Purpose:
Engineer in Analytics and AI/ML for Digital Manufacturing to advance data-driven manufacturing in supply chain operations by leading analytics/AI-ML for diagnostic and predictive insights for real-time performance management.
Key Responsibilities:
- Define technical requirements/architecture for analytics + AI/ML across edge, OT, and cloud.
- Lead end-to-end ML delivery: data ingestion, feature engineering, model dev/validation, deployment, and lifecycle management.
- Build production-grade batch/real-time inference pipelines with monitoring and SLAs (latency, availability, throughput).
- Convert manufacturing challenges (yield, downtime, quality, throughput) into KPI-driven use cases with expected ROI.
- Establish MLOps/governance (versioning, experiment tracking, reproducibility, access control, audit trails) aligned to regulated expectations.
- Partner cross-functionally to prioritize/scale use cases (predictive quality, anomaly detection, predictive maintenance, process optimization) and drive adoption via documentation/training.
- Use statistical methods/experimentation (DOE, SPC, capability analysis) to quantify drivers and validate improvements.
Qualifications:
- BS/MS in CS, Data Science, Statistics, Engineering, or related quantitative field.
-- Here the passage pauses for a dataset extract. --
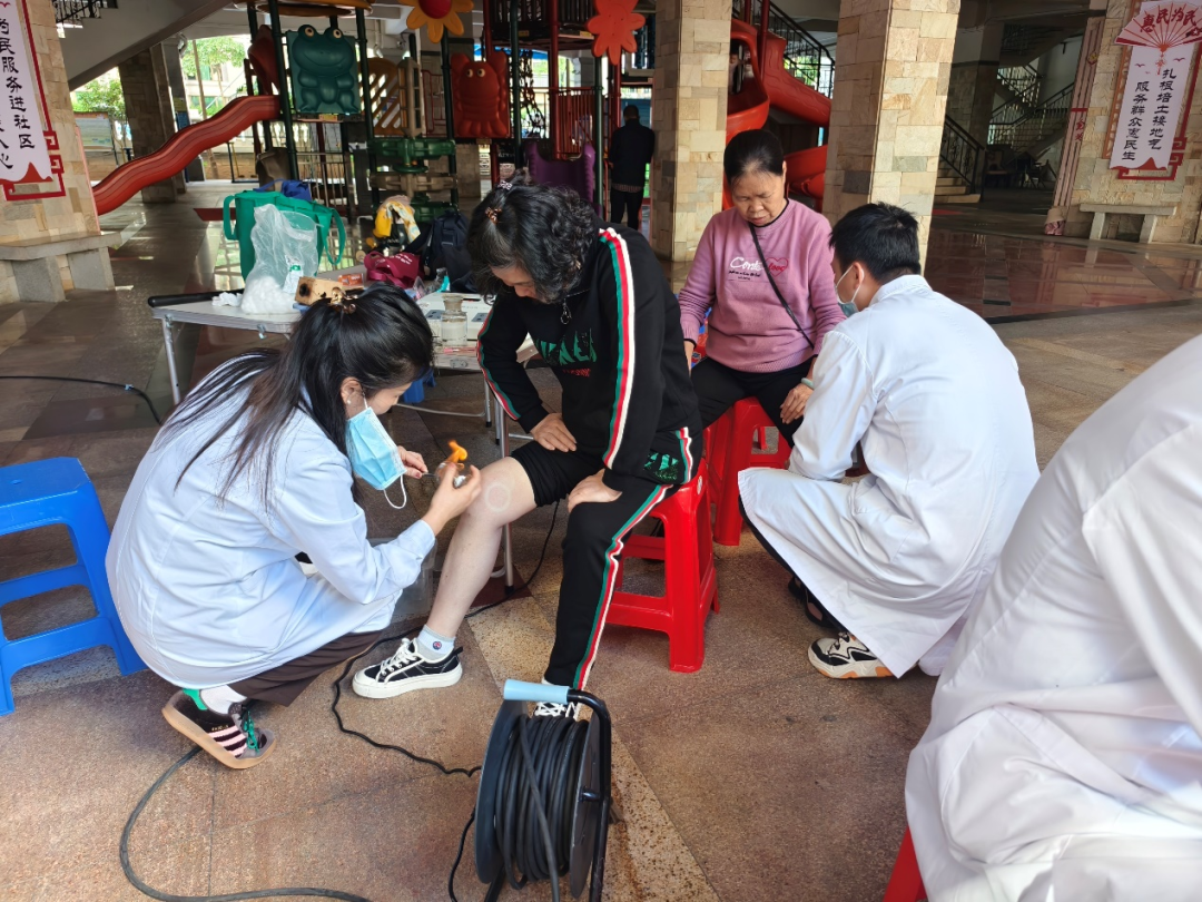活动现场,高年资的骨科、康复医学科及相关术科医师耐心为前来咨询的居民答疑解惑,提供专业的健康指导和慢性病管理建议;康复治疗师团队则为前来咨询的社区居民现场体验了现代康复技术与中医传统特色疗法,如冲击波、中低频等治疗,以及推拿、棍点理筋手法、耳穴压豆、拔罐、中药贴敷等中医传统特色疗法,活动现场吸引了众多居民驻足参与。护理人员有序为居民测量血压、血糖,并开展健康宣教,增强群众的自我保健意识。

- 7+ years delivering analytics and/or ML in production (manufacturing/supply chain/regulated preferred).
Required Skills:
- ML/AI production delivery at scale (manufacturing/industrial/OT preferred).
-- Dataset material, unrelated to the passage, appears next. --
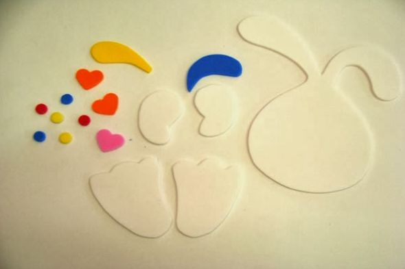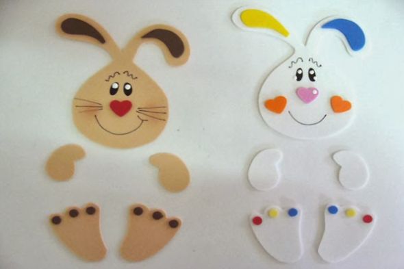 Comece transferindo todas as partes do molde para as cores dos EVAs escolhidos. E para fazer os detalhes do coelhinho, corte bolinhas coloridas e também corações, estrelinhas ou o formato que você quiser e também com as cores que você quiser.

- Manufacturing/industrial data sources (MES, OPC UA, PLC logs, telemetry, sensors).
- Python; ML libraries (scikit-learn, TensorFlow, PyTorch) and Spark/PySpark.
- MLOps: orchestration, CI/CD, model serving, monitoring/observability, automated retraining, experiment tracking (e.g., MLflow).
- SQL/data modeling; lakehouse/data lake patterns (e.g., Delta) and AWS/Azure secure architecture.
- Time-series/process analytics; feature engineering; interpretability/performance evaluation.
- Model governance/validation/compliance in regulated environments.
- Communication with technical/non-technical audiences.
Preferred:
- Cloud analytics/lakehouse/orchestration (e.g., Databricks, Spark/Delta) and collaboration with data engineering.
- Digital manufacturing standards (ISA-95/ISA-88).
- Power BI/Tableau dashboards.
Benefits (as stated):
- Medical, dental, vision, life insurance; short-/long-term disability; retirement plan/pension and 401(k); long-term incentive; vacation (120 hrs/yr), sick time (40 hrs/yr; 56 hrs in WA), holiday pay (13 days); parental leave (480 hrs/yr); and other listed time-off programs.